You are too young, no access


# **Some basics** (III): for-loops
In Python, there are two styles of for loops: the **for loop** and the for each loop, also known as the for in loop. Both of these loops are used to iterate over a sequence of values and perform some action for each value.

In [7]:
# Fortunately, loops can do that for us:
for number in range(6):
    print(number)

# If you want to calculate the sum:
sum = 0
for number in range(6):
    sum = sum + number
print(f"The sum is: {number}")

0
1
2
3
4
5
The sum is: 5


**Foreach loop** used to to iterate over an object that is iterable, like a list.

In [8]:
# These are lists in Python
animals = ["bear", "cat", "dog", "frog", "bird"]

# Printing the animal from animals
for animal in animals:
    print(animal)

bear
cat
dog
frog
bird


# **Some basics** (IV): functions
In Python, a function is a **block of code** that performs a **specific task** or set of tasks.

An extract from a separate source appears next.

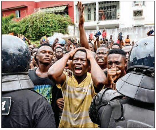
آبیدجان، ساحل عاج- طرفداران یک خواننده ساحل عاجی به نام دی جی عرفات در بیرون از بیمارستانی که او در آن بستری بود، گریه و زاری می‌کنند. دی جی عرفات، در سن ۳۳ سالگی به خاطر تصادف با موتور جان خود را از دست داد.

Functions are used to break down complex problems into smaller, more manageable parts and to make your code more modular and reusable.

In [9]:
# Greeting a person, person here is called an argument to a function
def greet(person):
    print("Hello " + person + "!")

greet("Anon")
greet("Someone")

Hello Anon!
Hello Someone!


In [10]:
# Multiplying two numbers:
def multiply(a, b):
    return a * b

multiply(4, 20)

80

# **Some basics** (V): dictionaries
In Python, a dictionary is a **data structure** that allows you to store and retrieve **key-value pairs**. 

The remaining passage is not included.